The Remediation Technology Summit

February 26-28, 2019

Colorado Convention Center
Denver, CO

NatalieCapiroNatalie L. Capiro
Research Assistant Professor, Deparment of Civil and Environmental Engineering
Tufts University

Dr. Natalie Cápiro is a Research Assistant Professor in the Department of Civil and Environmental Engineering at Tufts University. Prior to coming to Tufts, Dr. Cápiro completed her postdoctoral studies at the Georgia Institute of Technology, M.S. and Ph.D. in Civil and Environmental Engineering at Rice University, and B.S. in Biological and Environmental Engineering at Cornell University. She was a recipient of the National Science Foundation (NSF) Distinguished Science and Engineering Fellowship from the Alliances for Graduate Education and the Professoriate program during her graduate studies. Dr. Cápiro’s research interests include applied environmental biotechnology, fate and transport of traditional and emerging contaminants in natural systems, development of innovative in situ remediation technologies, characterization of pathogenic bacteria and water quality in developing countries, and nanotechnology-biological interactions in the environment. Her work is supported by funding from the National Science Foundation and the Strategic Environmental Research and Development Program (SERDP), including a study that won the 2012 SERDP Environmental Restoration Project of the Year.
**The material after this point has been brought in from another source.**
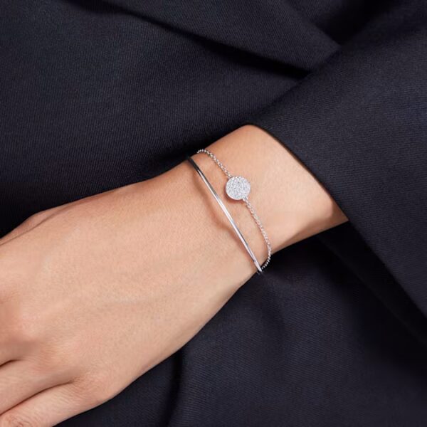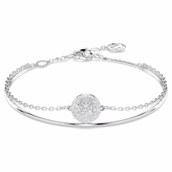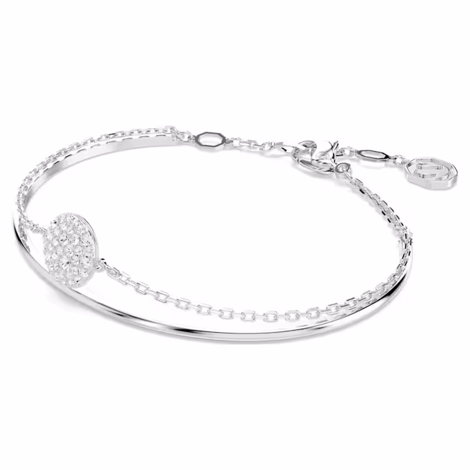 В честь космоса этот звездный браслет наполнен радостью, которая ловит свет. Вокруг запястья, дизайн с родиевым покрытием представляет собой жесткий браслет рядом с изящной цепочкой с куполообразным мотивом метеора. Он был красиво украшен снежным паве из прозрачных круглых кристаллов разных размеров. Сочетайте этот браслет с соответствующим кулоном, чтобы поднять любой наряд.

PLATFORM PRESENTER – Biological Treatment: Strength in Small Packages

Benefits and Constraints of Low-Temperature Thermal Treatment for Enhanced Microbial Reductive Dechlorination

Parallel 1-D column (15 cm l × 2.5 cm ID; pore volume (PV) = 30 mL) experiments were completed to determine the impacts of low-temperature heating on the growth and dechlorination activity of organohalide-respiring bacteria under continuous flow conditions. Initially, Column A was cooled to 15 °C to represent in situ groundwater temperatures, while column B was heated to 35 °C to represent low-temperature thermal treatment conditions. Tetrachloroethene (PCE; 283±33 µM) and lactate (5 mM) were introduced continuously at a pore water velocity of 15 cm/day to each of two columns packed with Federal Fine Ottawa sand (30 – 140 mesh) and bioaugmented with the PCE-to-ethene dechlorinating KB-1 ® consortium. Column temperatures were adjusted in four phases to assess: I) dechlorinating bacteria performance at ambient versus elevated groundwater temperature; II) dechlorinating bacteria performance in a system raised from ambient to elevated groundwater temperature; III) the maximum temperature permissive of Dehalococcoides mccartyi (Dhc) dechlorination activity; and IV) the maximum temperature permissive of any microbial reductive dechlorination activity. During Phase I, the Column A effluent contained 94±14 µM cis-1,2-dichloroethene (cis-DCE), 43±7 µM vinyl chloride (VC), and 19±2 µM ethene. In contrast, Column B demonstrated more Dhc activity during the same period, with no detectable cis-DCE, 156±20 µM VC, and 45±6 µM ethene in the effluent. During Phase II, an increase in the temperature of Column A from 15 to 35 °C (+2 °C/PV) triggered complete cis-DCE dechlorination to VC within 20 PV. Ethene concentrations initially remained relatively stable following the temperature increase, suggesting a lag in the activity of the Dhc strains responsible for the final VC-to-ethene dechlorination step. After 60 PVs of heating, ethene formation rapidly increased and coincided with an increase of up to three orders-of-magnitude in abundance of Dhc VC reductive dehalogenase (RDase) genes. During Phase III, the temperature of Column B was gradually raised to 43 °C, after which VC became undetectable in the effluent and the ethene decreased by more than an order of magnitude, suggesting that Dhc activity was reduced or eliminated at this temperature. During phase IV, Column B was gradually increased to 74 °C, at which point low concentrations of PCE (< 5 µM) were detectable in the effluent, indicating that higher temperature also impacted PCE-to-cis-DCE dechlorinating bacteria.